··· Record set ···

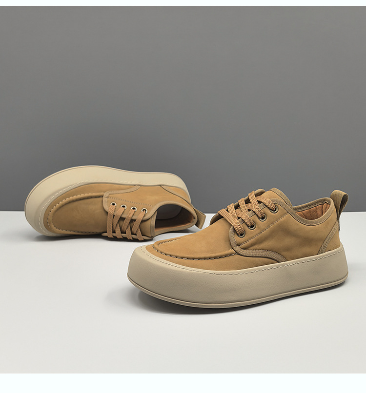 정품 가죽 틈새 보드 신발 남성용 트렌디 한 올매치 신발 남성용 유럽 역 신발 비뚤어진 머리 캐주얼 신발 귀여운 못생긴 망고 신발
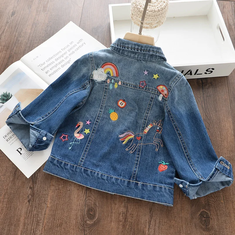 Куртка джинсовая Детская осенняя с единорогом и длинным рукавом, 2020
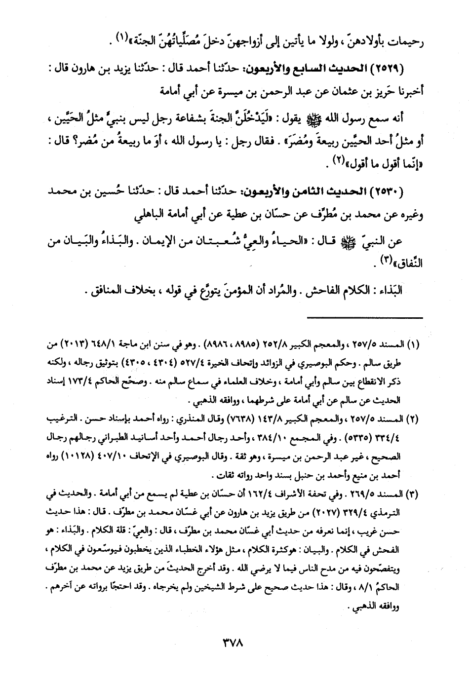 (٢٥٣٠) الحديث الثامن والأربعون: حدّثنا أحمد قال: حدّثنا حُسين بن محمد وغيره عن محمد بن مُطرِّف عن حسّان بن عطية عن أبي أمامة الباهلي:
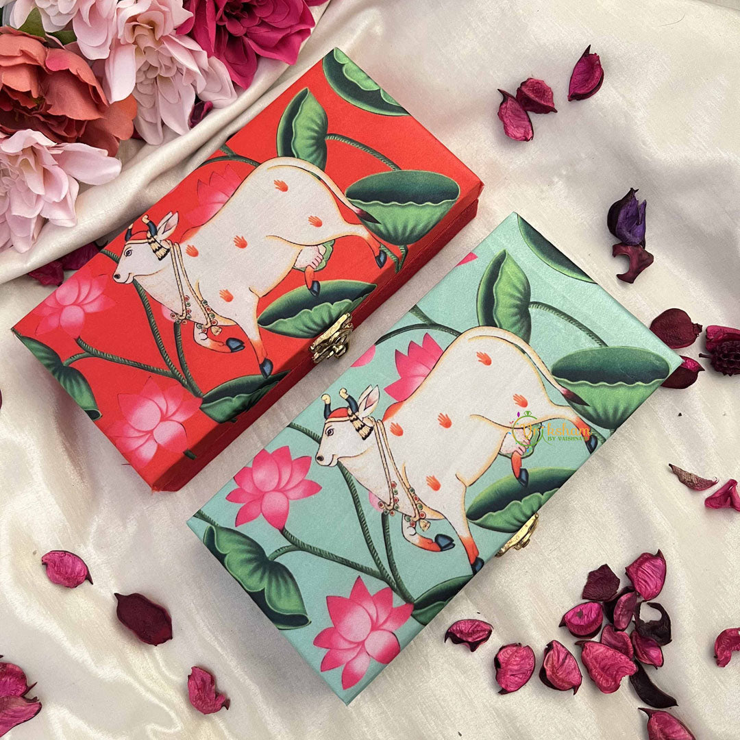 Embrace spiritual symbolism with this distinguished Sacred Cow & Lotus Print Diya Set, a pair of thoughtfully designed diyas that honor revered cultural motifs. Each piece showcases intricate sacred cow and lotus imagery, rendered with meticulous artistry to capture the essence of devotion and purity. Available in assorted colors, these diyas complement diverse interior palettes while maintaining an air of refined sophistication. Crafted with attention to detail, they serve as both functional vessels for oil lamps and meaningful decorative accents for prayer spaces, meditation rooms, or festive celebrations. Presented in an elegant decorative gift box, this set makes a profound gift for those seeking to infuse their homes with spiritual grace and cultural reverence.
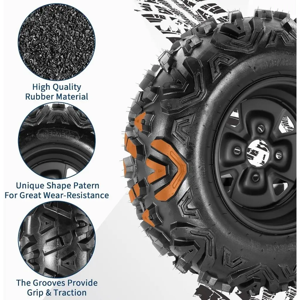 Hit the Trails With Confidence - Built for Family Fun & Tough Jobs Picture this: You're halfway through a weekend trail ride with the kids when you hit an unexpected patch of jagged rocks. With these 6-ply reinforced tires, you power through without a second thought - no worrying about punctures ruining your family adventure. That's the peace of mind these complete wheel and tire sets deliver, whether you're exploring backcountry trails or hauling feed across muddy pastures. The secret's in the smart design. Those A-shaped tread blocks? They dig into loose sand so you don't get stuck, while shedding thick mud effortlessly. Farmers appreciate how they handle heavy loads during chores, while weekend riders love the stable cornering when the kids beg for "just one more lap" around the property. Unlike standard tires that wear quickly, the durable matte black wheels stay looking sharp season after season, resisting scratches from branches and brush.
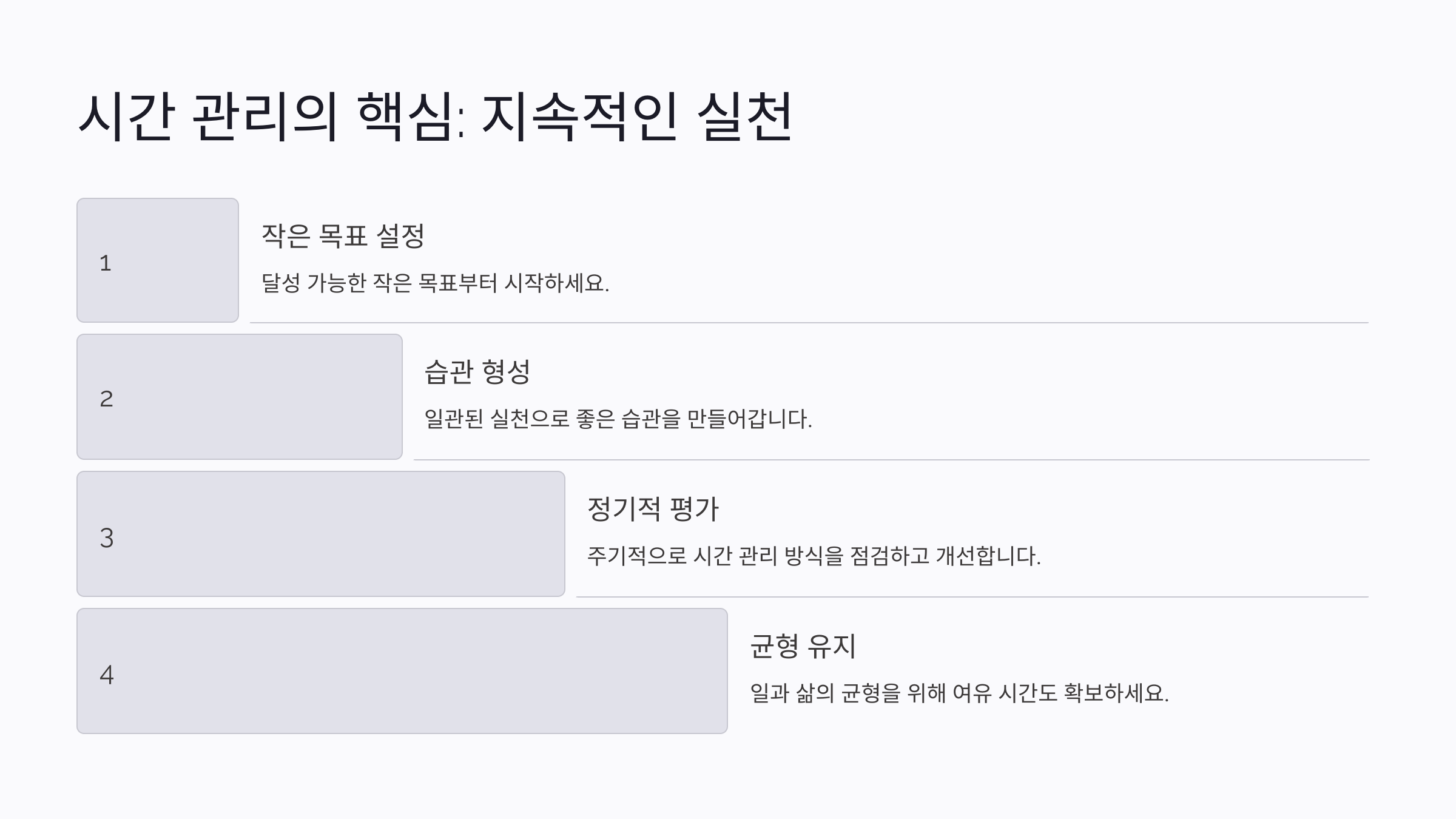마지막으로는 작은 습관의 힘을 믿는 것이에요. 하루 10분씩 시간을 투자해 중요한 일을 조금씩 처리하다 보면, 작은 변화가 쌓여 큰 결과로 이어져요. 한국에서 일과 생활의 균형을 맞추는 워라밸(Work-Life Balance) 문화도 점점 강조되고 있어요.
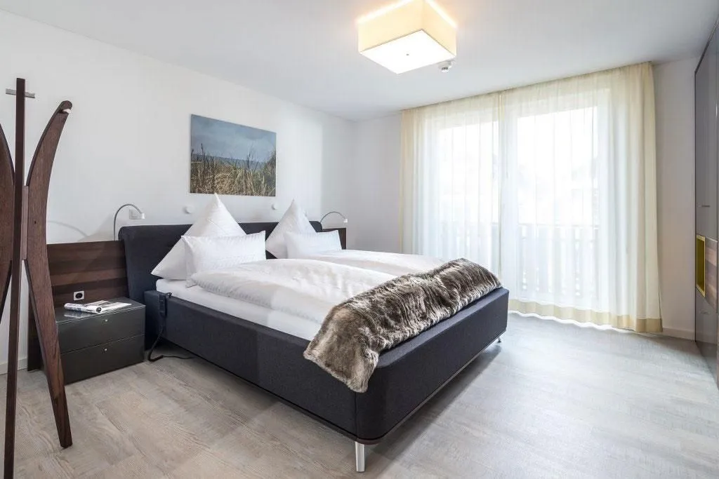 Die bequemen Betten in der Größe von 180 x 210cm sind separat am Kopf- und Fußteil elektrisch höhenverstellbar. Ein Nachttisch,
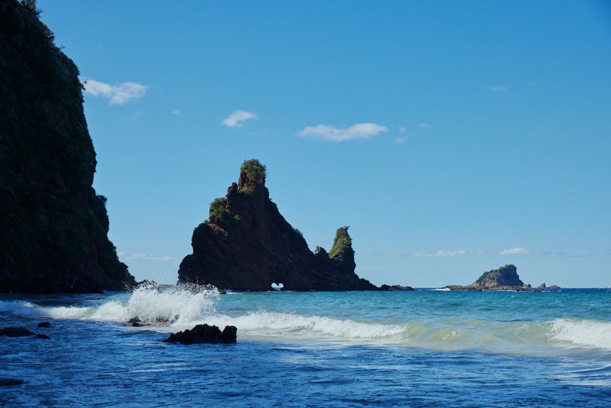 明屋海岸には、中ノ島の神様である宇受賀命(うづかのみこと)神と結婚した女神がお産をしたという伝説が残っています。その産屋とされる場所に「たらい岩」と「屏風岩」があり、「屏風岩」には遊歩道から近づくこともできます。この岩は、ハート型に穴があいた場所があることから「ハート岩」ともよばれ、伝説とハート岩の効果から、幸運や縁結びのパワースポットとして人気。「ハート岩」の恩恵を授かれるように、しっかりとお祈りをして帰りました。

···

▸ About this task
Without including any pictures, reproduce the listing exactly.

▸ Answer to this problem
 정품 가죽 틈새 보드 신발 남성용 트렌디 한 올매치 신발 남성용 유럽 역 신발 비뚤어진 머리 캐주얼 신발 귀여운 못생긴 망고 신발
 Куртка джинсовая Детская осенняя с единорогом и длинным рукавом, 2020
 (٢٥٣٠) الحديث الثامن والأربعون: حدّثنا أحمد قال: حدّثنا حُسين بن محمد وغيره عن محمد بن مُطرِّف عن حسّان بن عطية عن أبي أمامة الباهلي:
 Embrace spiritual symbolism with this distinguished Sacred Cow & Lotus Print Diya Set, a pair of thoughtfully designed diyas that honor revered cultural motifs. Each piece showcases intricate sacred cow and lotus imagery, rendered with meticulous artistry to capture the essence of devotion and purity. Available in assorted colors, these diyas complement diverse interior palettes while maintaining an air of refined sophistication. Crafted with attention to detail, they serve as both functional vessels for oil lamps and meaningful decorative accents for prayer spaces, meditation rooms, or festive celebrations. Presented in an elegant decorative gift box, this set makes a profound gift for those seeking to infuse their homes with spiritual grace and cultural reverence.
 Hit the Trails With Confidence - Built for Family Fun & Tough Jobs Picture this: You're halfway through a weekend trail ride with the kids when you hit an unexpected patch of jagged rocks. With these 6-ply reinforced tires, you power through without a second thought - no worrying about punctures ruining your family adventure. That's the peace of mind these complete wheel and tire sets deliver, whether you're exploring backcountry trails or hauling feed across muddy pastures. The secret's in the smart design. Those A-shaped tread blocks? They dig into loose sand so you don't get stuck, while shedding thick mud effortlessly. Farmers appreciate how they handle heavy loads during chores, while weekend riders love the stable cornering when the kids beg for "just one more lap" around the property. Unlike standard tires that wear quickly, the durable matte black wheels stay looking sharp season after season, resisting scratches from branches and brush.
마지막으로는 작은 습관의 힘을 믿는 것이에요. 하루 10분씩 시간을 투자해 중요한 일을 조금씩 처리하다 보면, 작은 변화가 쌓여 큰 결과로 이어져요. 한국에서 일과 생활의 균형을 맞추는 워라밸(Work-Life Balance) 문화도 점점 강조되고 있어요.
 Die bequemen Betten in der Größe von 180 x 210cm sind separat am Kopf- und Fußteil elektrisch höhenverstellbar. Ein Nachttisch,
 明屋海岸には、中ノ島の神様である宇受賀命(うづかのみこと)神と結婚した女神がお産をしたという伝説が残っています。その産屋とされる場所に「たらい岩」と「屏風岩」があり、「屏風岩」には遊歩道から近づくこともできます。この岩は、ハート型に穴があいた場所があることから「ハート岩」ともよばれ、伝説とハート岩の効果から、幸運や縁結びのパワースポットとして人気。「ハート岩」の恩恵を授かれるように、しっかりとお祈りをして帰りました。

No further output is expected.